Next interesting issue is addressed at the code offset 11, where the value of the variable y is pushed onto the stack. Once again, TinyPascal code generation detects that two types are incompatible and immediately performs the type conversion (in this case back to an integer). Finally, the value is popped and stored into x.
Besides the type conversion issue, there is an additional issue specific to the Java bytecode emitter. Java virtual machine’s memory organization is defined to be in big-endian format. Also, the floating point values are stored in IEEE 754 binary format. Unlike MIPS assembly code where each constant can simply be embedded into the assembly listing, such conversion must be performed manually during the Java bytecode conversion. Current Java bytecode generator does not perform automatic floating point conversion, but rather relies that the host machine stores all numbers in IEEE 754 floating point format. However, Java bytecode generator performs an automatic endianess detection and appropriate conversion.
Writeln
Writeln statement is emitted by simply using the built-in Java library println method. Java provides println with multiple signatures: 1. Without parameters, 2. With an integer parameter, and 3. With a floating point parameter. As already mentioned, the method references for all three methods are automatically included during the class file initialization. Following example demonstrates the usage of the println methods.
program test10;
var
x : integer;
y : real;
begin
writeln(x);
writeln(y);
end.
Here, we are printing an integer and a float.
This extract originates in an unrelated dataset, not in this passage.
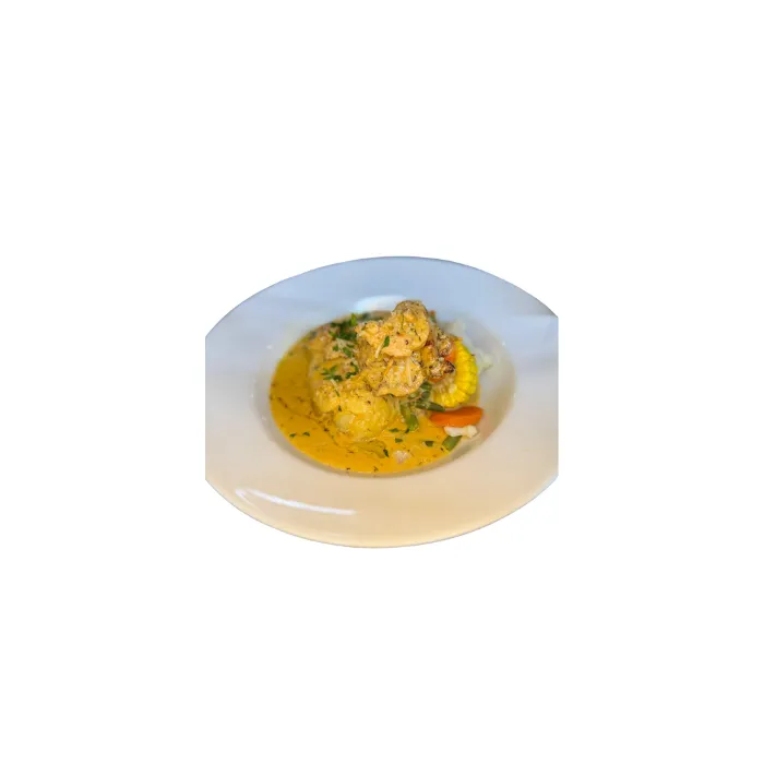 Gently cooked in a luxurious white wine cream sauce, served with fluffy mashed potatoes and fresh, seasonal vegetables.

The code is translated into the following JVM class file:
public class _test10 extends java.lang.Object
minor version: 0
major version: 49
Constant pool:
const #1 = Asciz _test10;
const #2 = class #1; // _test10
const #3 = Asciz java/lang/Object;
const #4 = class #3; // java/lang/Object
const #5 = Asciz java/io/PrintStream;
const #6 = class #5; // java/io/PrintStream
const #7 = Asciz println;
const #8 = Asciz ()V;
const #9 = NameAndType #7:#8;// println:()V
const #10 = Method #6.#9; // java/io/PrintStream.println:()V
const #11 = Asciz (I)V;
const #12 = NameAndType #7:#11;// println:(I)V
const #13 = Method #6.#12; // java/io/PrintStream.println:(I)V
const #14 = Asciz (F)V;
const #15 = NameAndType #7:#14;// println:(F)V
const #16 = Method #6.#15; // java/io/PrintStream.println:(F)V
const #17 = Asciz java/lang/System;
const #18 = class #17; // java/lang/System
const #19 = Asciz out;
const #20 = Asciz Ljava/io/PrintStream;;
const #21 = NameAndType #19:#20;// out:Ljava/io/PrintStream;
const #22 = Field #18.#21; // java/lang/System.out:Ljava/io/PrintStream;
const #23 = Asciz <init>;
const #24 = Asciz Code;
const #25 = NameAndType #23:#8;// "<init>":()V
const #26 = Method #4.#25; // java/lang/Object."<init>":()V
const #27 = Asciz main;
const #28 = Asciz ([Ljava/lang/String;)V;
const #29 = Asciz _x;
const #30 = Asciz I;
const #31 = NameAndType #29:#30;// _x:I
const #32 = Field #2.#31; // _test10._x:I
const #33 = Asciz _y;
const #34 = Asciz F;
const #35 = NameAndType #33:#34;// _y:F
const #36 = Field #2.#35; // _test10._y:F
{
public static int _x;
Signature:
Ipublic static float _y;
Signature: F
public _test10();
Signature: ()V
Code:
Stack=1, Locals=1, Args_size=1
0: aload_0
1: invokespecial #26; //Method java/lang/Object."<init>":()V
4: return
public static void main(java.lang.String[]);
Signature: ([Ljava/lang/String;)V
Code:
Stack=2, Locals=1, Args_size=1
0: getstatic #22; //Field java/lang/System.out:Ljava/io/PrintStream;
3: getstatic #32; //Field _x:I
6: invokevirtual #13; //Method java/io/PrintStream.println:(I)V
9: getstatic #22; //Field java/lang/System.out:Ljava/io/PrintStream;
12: getstatic #36; //Field _y:F
15: invokevirtual #16; //Method java/io/PrintStream.println:(F)V
18: return
}
Once again, the relevant code is marked red. At the code offset 0, Java code generator pushes a reference to the System.out type onto the stack. This is necessary because println method is defined within the System.out class. At the offset 3, Java bytecode generator pushes the value to be printed onto the stack, which is an integer (x). At that moment, the bytecode generator decides which println method to use: println(integer), println(float), or println(). Signatures ()V, (I)V, and (F)V correspond to println(), println(integer), println(float). Using the instruction invokestatic (obviously to invoke static member method) the code generator calls the println method, which pops values from the stack and performs the operation of printing the appropriate values to the standard output. Similarly, printing of floating point values is performed starting at the code offset position 9.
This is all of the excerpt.